In einem aktuellen Beschluss weist der Erfahrungsaustauschkreis der Zugelassenen Überwachungsstellen (EK-ZÜS) darauf hin, dass die TRBS 1121 und die DIN EN 81-20 nicht mehr maßgeblich sind für die Ausführung von Änderungen. Eine sicherheitsrelevante, also prüfpflichtige Änderung entspricht auch dann der BetrSichV, wenn sie die daraus resultierende Gefährdung ausreichend berücksichtigt. Eine Modernisierungs- oder sonstige Umbaumaßnahme muss demnach nicht zwangsläufig die Anforderungen einer neuen Aufzugsanlage erfüllen.
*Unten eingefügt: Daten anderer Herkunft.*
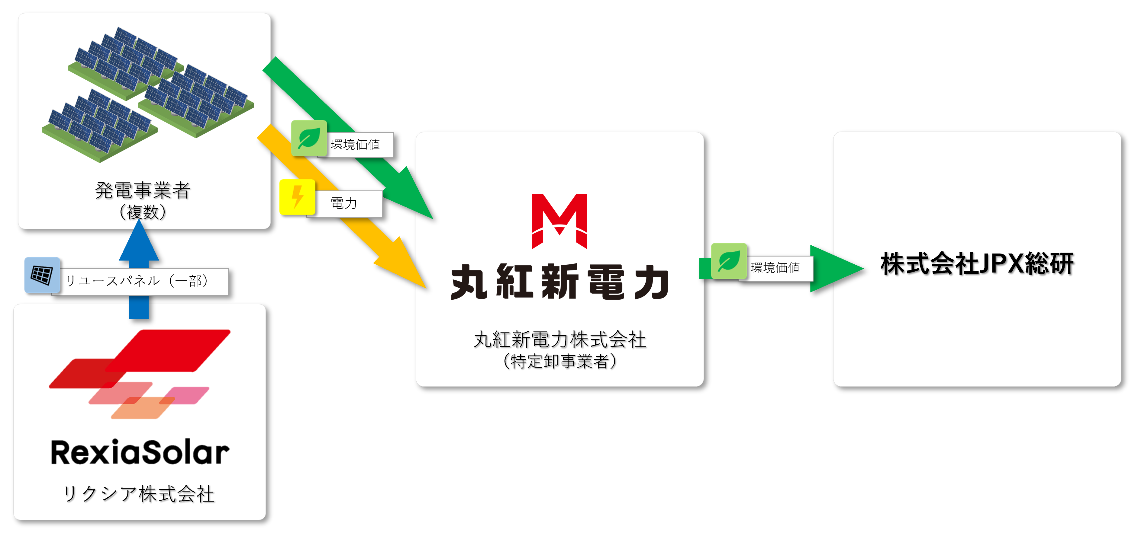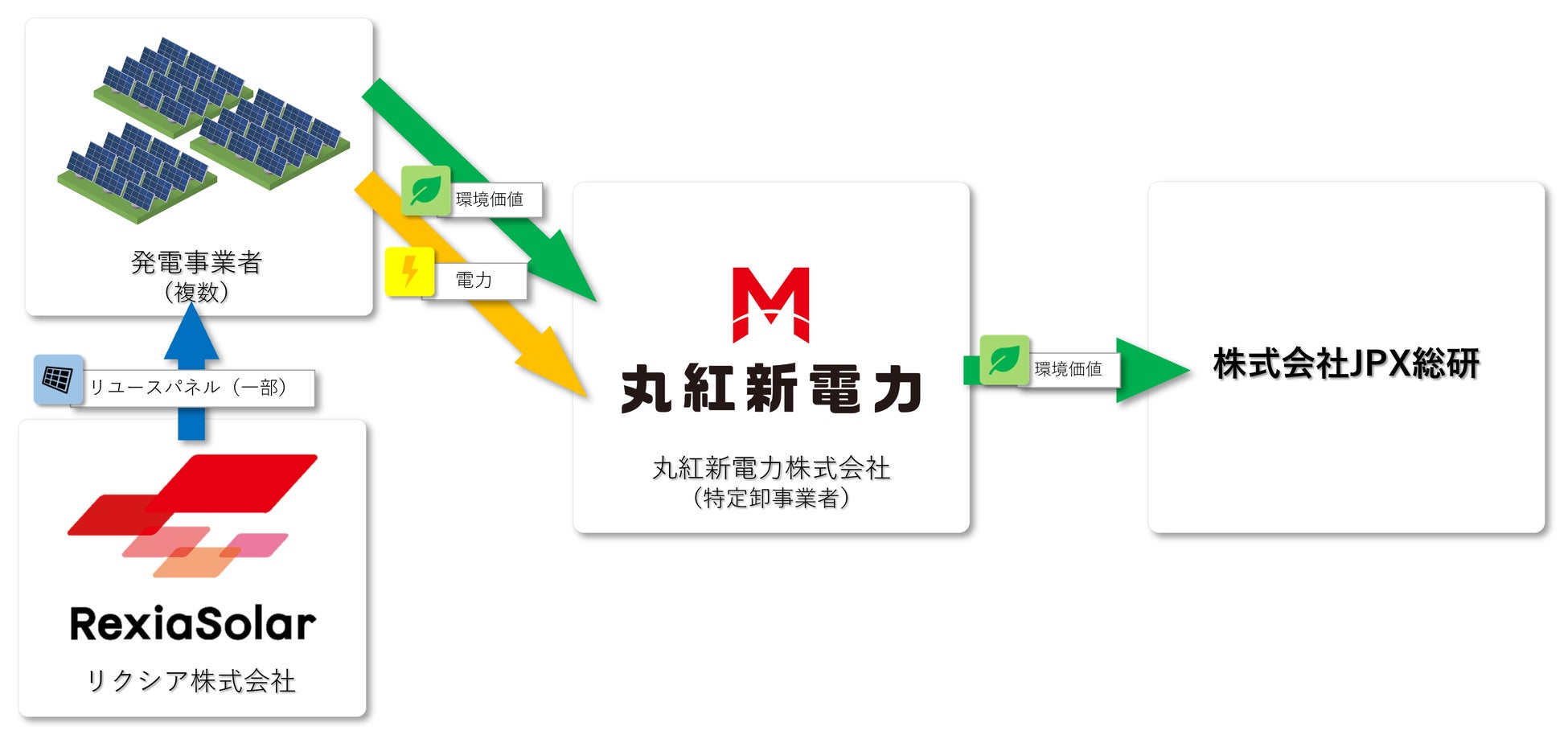 一部のパネルについては、丸紅株式会社の関連会社であるリクシア株式会社(代表取締役:若山 美奈子、本社:東京都千代田区、以下「リクシア」)が供給しており、リユースパネルを活用した第三者所有型のバーチャルPPAとしては、国内初(リクシア調べ)の取り組みとなります。
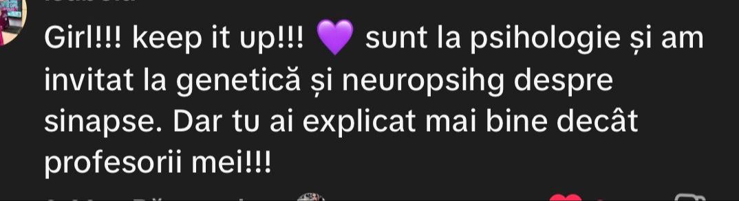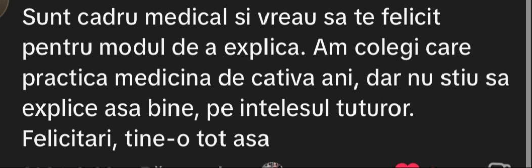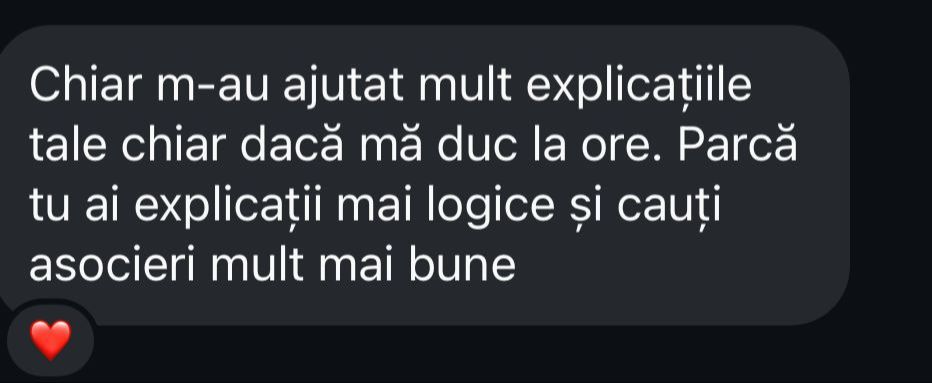 Bună! Mă numesc Delia și sunt studentă la medicină și am pornit pe acest drum din pasiune pentru oameni și pentru știință. Îmi doresc să-i sprijin pe cei care își doresc o carieră în medicină, nu doar prin meditații, ci și printr-o abordare diferită față de ce oferă majoritatea: pun accent pe învățarea logică, pe înțelegerea profundă a conceptelor și nu pe memorarea mecanică. Cred că medicina se învață cu mintea, dar se face cu inima — iar eu sunt aici să te ajut să reușești, pas cu pas, într-un mod clar, structurat și prietenos. Dacă vrei să devii medic, nu ai nevoie doar de informație, ci și de încredere, sprijin și o metodă care să ți se potrivească! 🩺👩🏻⚕️
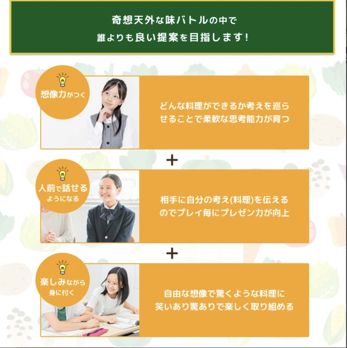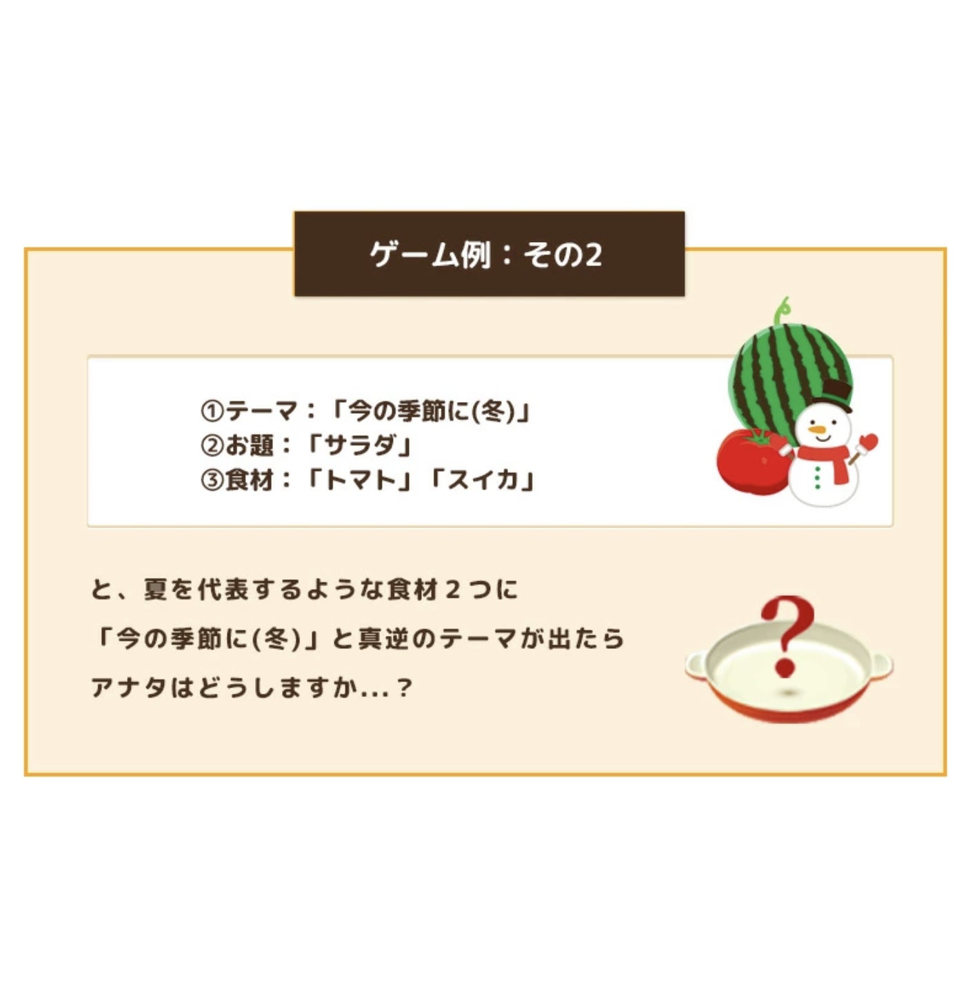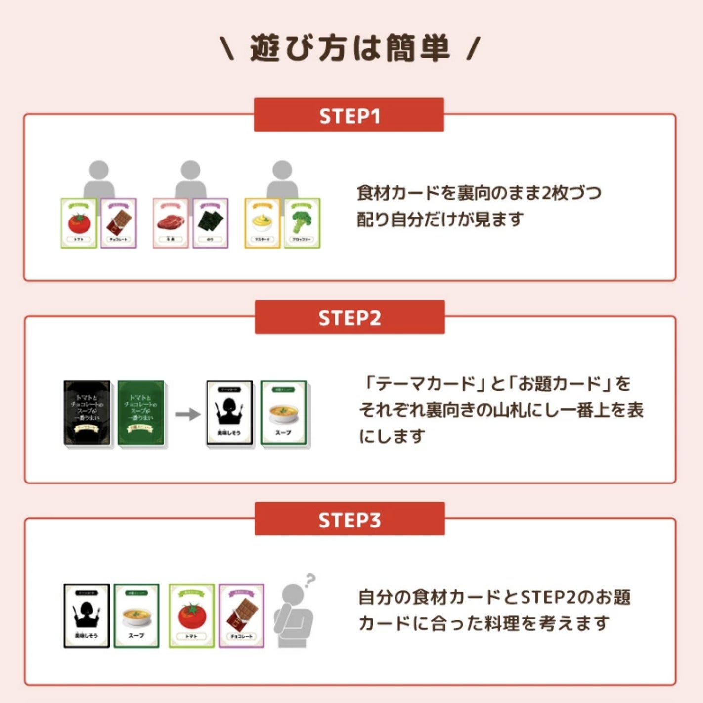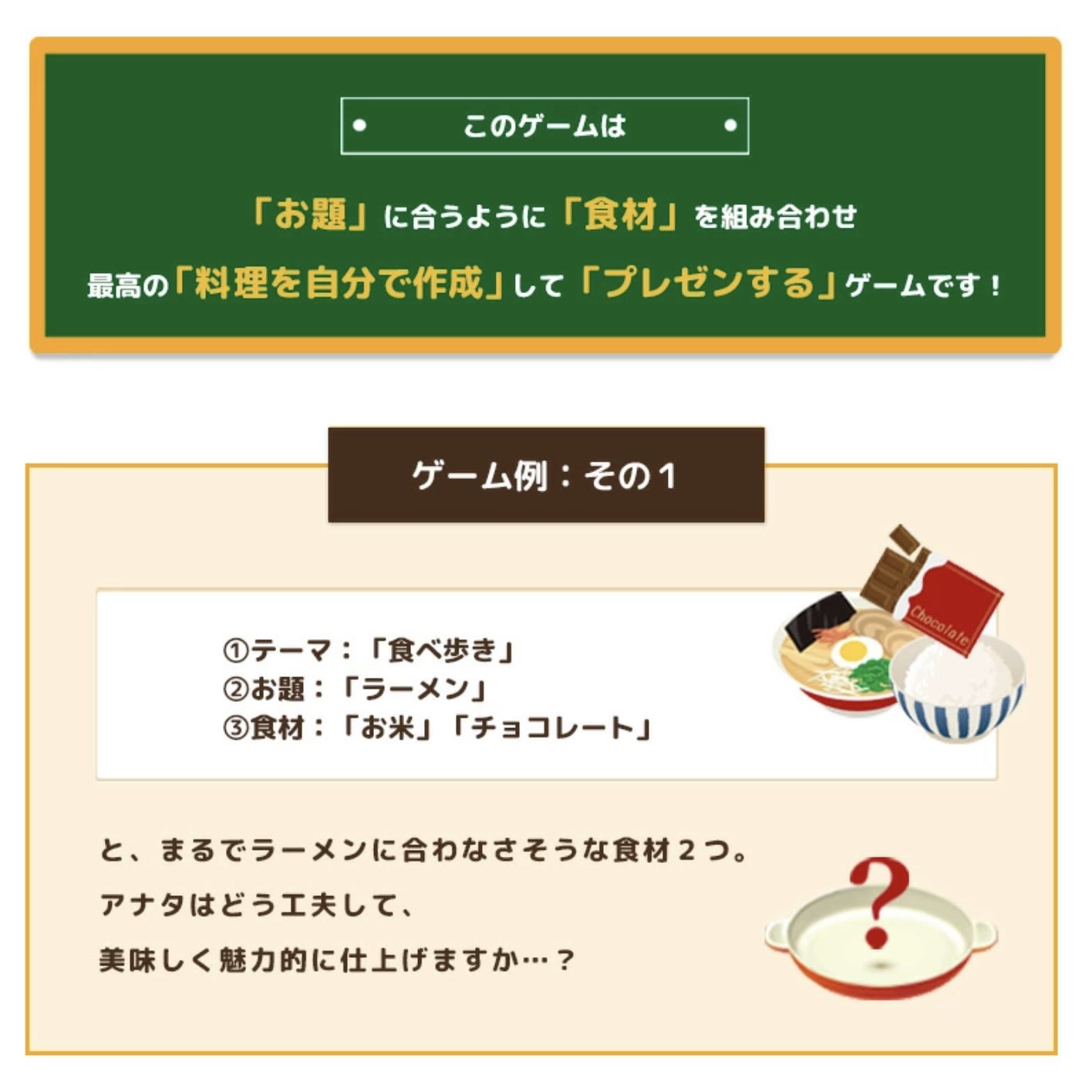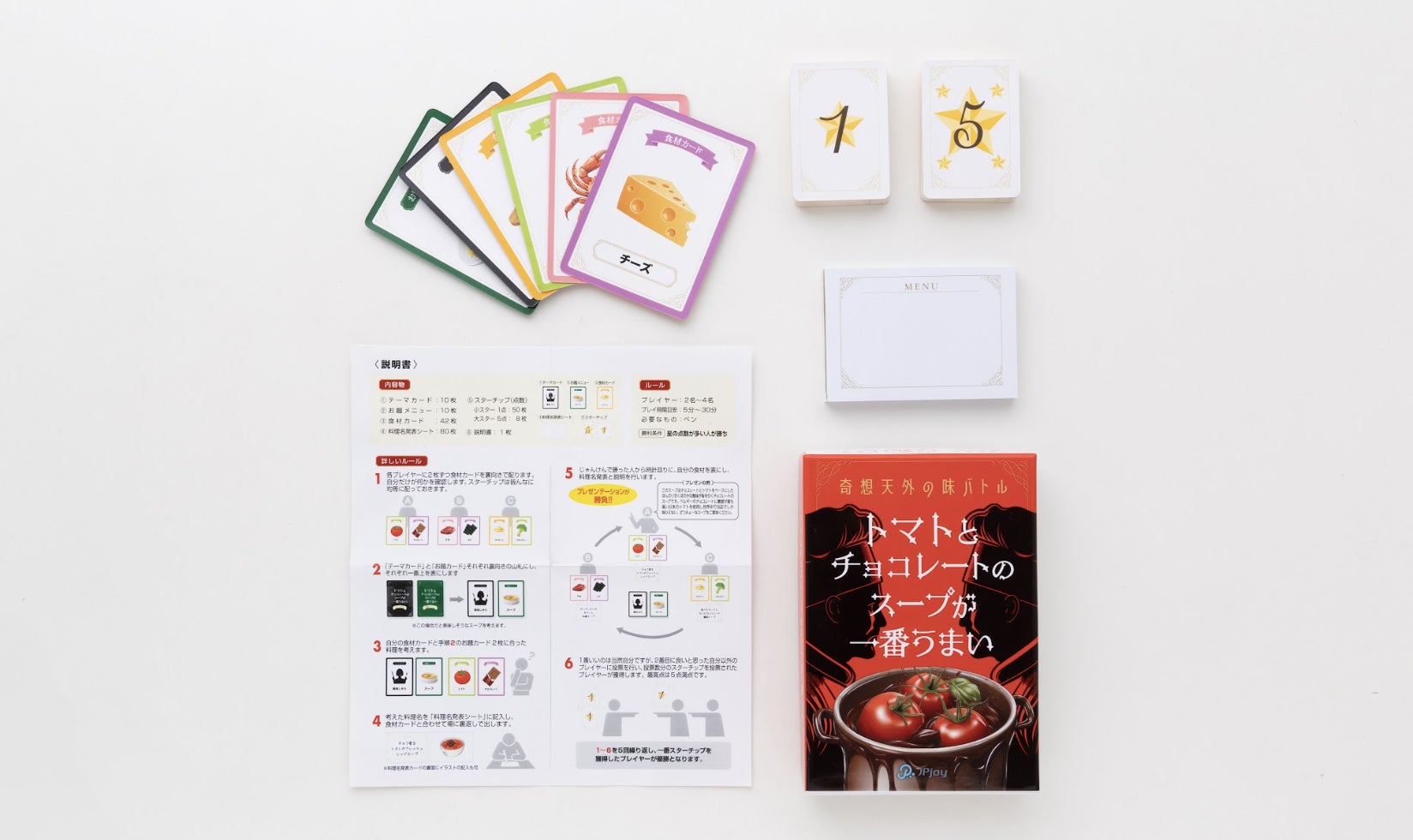 このカードゲーム「トマトとチョコレートのスープが一番うまい」には、はっきりとした正解はありません。カードの組み合わせから生まれるユニークなお題に対して、プレイヤーは 自分のアイデアを言葉にして発表し、相手を楽しませたり納得させたりします。お子様たちが「発想力」と「表現力」を育むことができれば幸いです。
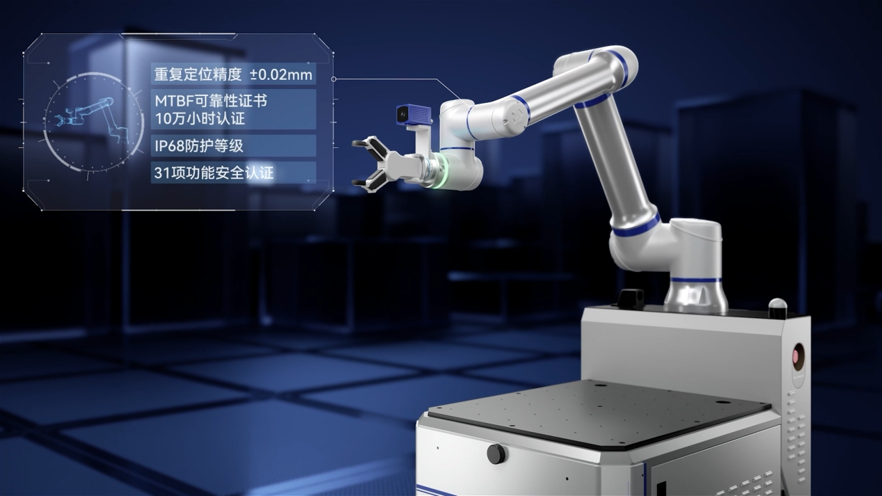 高靠得住施行单位(手):协做机械人产物笼盖3~30KG宽负载范畴,具备业内首个MTBF 10万小时测试认证,同时满脚31项功能平安要求,全面保障人机协做场景的平安取不变。

Mehr Spielraum bei der Umsetzung

Aus der aktuellen Rechtslage folgt: Die TRBS 1121 muss schnellstmöglich aktualisiert werden. Gleiches gilt zum Beispiel für die in der Praxis weitverbreitete Handlungsanleitung des deutschen Ausschusses für Aufzüge (die sogenannte DAfA-Handlungsanleitung). In der Übergangszeit raten die Sachverständigen von TÜV SÜD, bei Änderungen am Aufzug stets zu prüfen, wie die sichere Verwendung der gesamten Anlage gewährleistet werden kann.

Insgesamt kann festgestellt werden, dass die BetrSichV Betreibern jetzt mehr Handlungs- und Entscheidungsspielraum zugesteht, um die erforderlichen Modernisierungen besser auf das vorhandene Budget abzustimmen. Bestehen Zweifel, ob und wie ein Aufzug modernisiert werden sollte, unterstützen die unabhängigen Experten von TÜV SÜD bei der Analyse des Sicherheitsniveaus und bei der Auswahl geeigneter Maßnahmen.